(Collected data Opens)

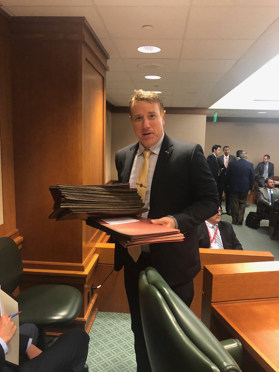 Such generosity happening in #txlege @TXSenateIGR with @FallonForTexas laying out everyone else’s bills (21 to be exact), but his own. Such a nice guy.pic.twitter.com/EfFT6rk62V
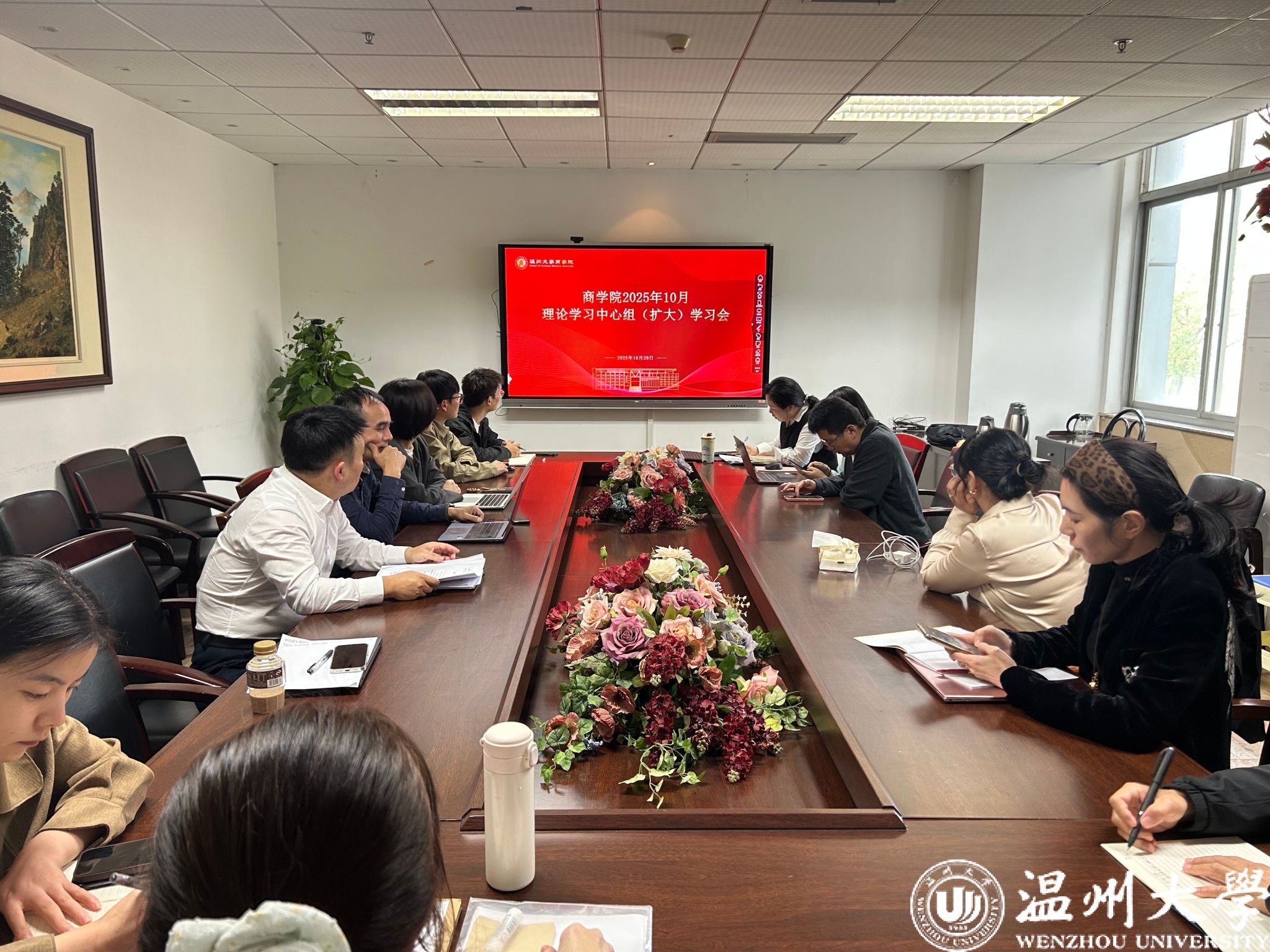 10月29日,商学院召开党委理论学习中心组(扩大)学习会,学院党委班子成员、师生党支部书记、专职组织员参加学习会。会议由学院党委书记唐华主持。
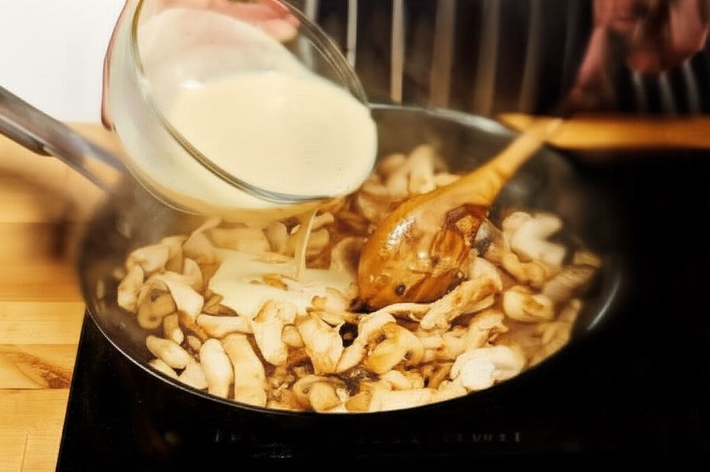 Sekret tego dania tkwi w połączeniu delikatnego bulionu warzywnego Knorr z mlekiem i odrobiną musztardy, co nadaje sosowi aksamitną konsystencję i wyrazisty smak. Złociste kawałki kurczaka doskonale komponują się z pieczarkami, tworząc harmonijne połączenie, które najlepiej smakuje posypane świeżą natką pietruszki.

(Collected data Closes)

Nothing but an exact transcription of the material, without pictures, should be returned.

 Such generosity happening in #txlege @TXSenateIGR with @FallonForTexas laying out everyone else’s bills (21 to be exact), but his own. Such a nice guy.pic.twitter.com/EfFT6rk62V
 10月29日,商学院召开党委理论学习中心组(扩大)学习会,学院党委班子成员、师生党支部书记、专职组织员参加学习会。会议由学院党委书记唐华主持。
 Sekret tego dania tkwi w połączeniu delikatnego bulionu warzywnego Knorr z mlekiem i odrobiną musztardy, co nadaje sosowi aksamitną konsystencję i wyrazisty smak. Złociste kawałki kurczaka doskonale komponują się z pieczarkami, tworząc harmonijne połączenie, które najlepiej smakuje posypane świeżą natką pietruszki.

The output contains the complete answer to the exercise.